Does the Claimant raise some reviewable error of the General Division upon which the appeal might succeed?

[11] In support of his application for leave to appeal, the Claimant submits that the General Division made an error in law when it concluded that he was not available for work and that the Commission did not have the obligation to give him notice of an impending disentitlement for availability.

[12] The Claimant established a claim for EI regular benefits effective August 22, 2021.

[13] The law says that the Commission may, at any point after benefits are paid to a claimant who attends a course, program of instruction or training, verify that the claimant is entitled to those benefits by requiring proof that they were capable of and available for work on any working day of their benefit period.Footnote 1

[14] This provision, which is part of the Temporary Measures to Facilitate Access to Benefits during the pandemic, acknowledges that during the pandemic, verification of entitlement may not have been possible at the time benefits are initially paid, and to allow for subsequent verification even after benefits have been paid.

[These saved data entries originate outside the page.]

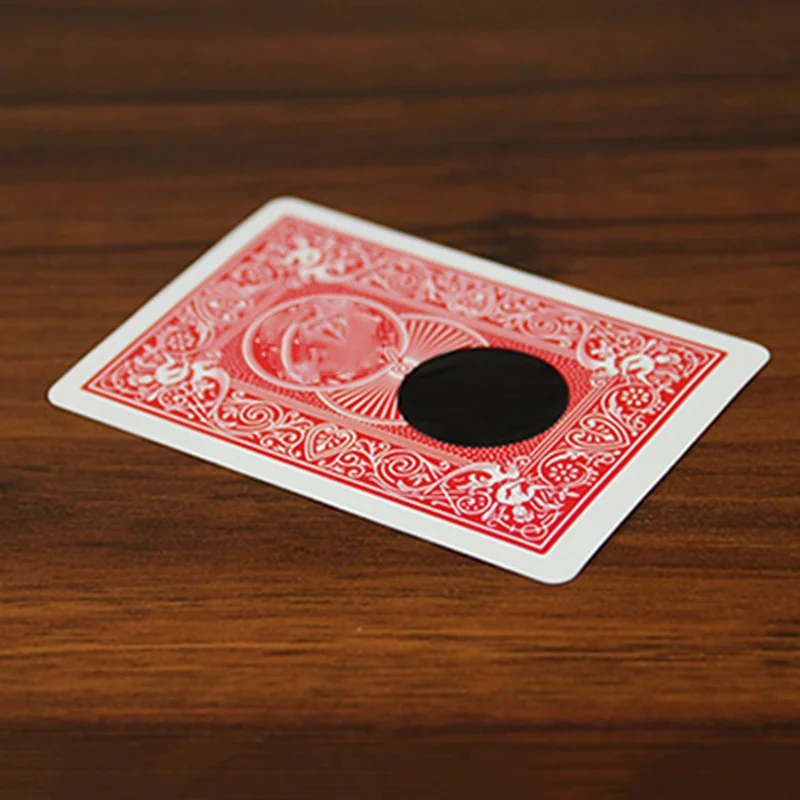 Волшебник показывает синюю заднюю карту. Зрители могут четко видеть, что в карте есть отверстие. Когда волшебник волнеет рукой, карта превращается в красную!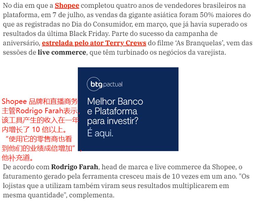 文章來源于互聯(lián)網(wǎng):直播帶貨收入暴漲十倍,Shopee成功拿下巴西市場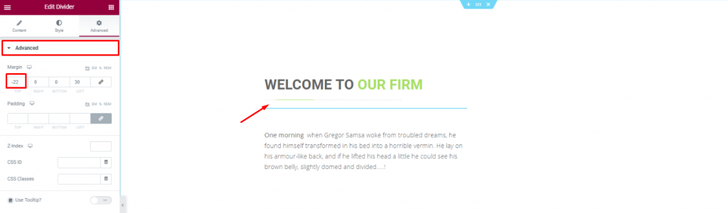 Put a Divider widget under the title to boost its look. Place a short description of the company below.
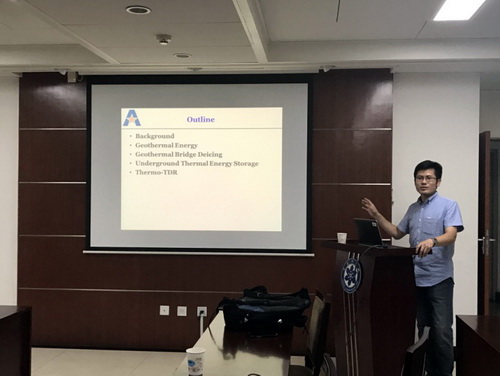 页岩气与地质工程重点实验室祁生文研究员邀请,美国德州大学阿灵顿分校University of Texas at Arlington)于新豹博士于524日在我所进行学术交流并作了题为“Use of Geothermal Energy for Bridge Deicing”的学术报告。

[15] I notice that the provision was in force when the Claimant established his claim for EI benefits.Footnote 2 It does not require that the Commission give prior notice of an impending disentitlement for availability.

[16] Furthermore, the Federal Court of Appeal has established that a warning could be required when a claimant as shown that their efforts to find suitable employment were reasonable.Footnote 3

[17] In the present case, a warning was certainly not necessary since the Claimant initially admitted to the Commission that he had not applied anywhere for work but that he would at the end of the semester.Footnote 4 When subsequently asked by the Commission to forward information regarding his job search, he did not respond after several calls by the Commission.Footnote 5

[18] The General Division found that the Claimant’s job search efforts were not enough to show that he was making efforts to find a suitable job.

[19] The law clearly states that to be entitled to benefits, a claimant must establish their availability for work, and to do this, they must look for work. A claimant must establish their availability for work for each working day in a benefit period and this availability must not be unduly limited.

[20] Furthermore, availability must be demonstrated during regular hours for every working day and cannot be restricted to irregular hours resulting from a course schedule that significantly limits availability.Footnote 6

[21] The evidence supports the General Division’s conclusion that the Claimant did not demonstrate that he was available for work but unable to find a suitable job. 

[22] After reviewing the docket of appeal, the General Division decision and considering the arguments of the Claimant in support of his request for leave to appeal, I find that the appeal has no reasonable chance of success. The Claimant has not raised a question that could possibly lead to the reversal of the disputed decision.

Conclusion

[23] Leave to appeal is refused. This means the appeal will not proceed.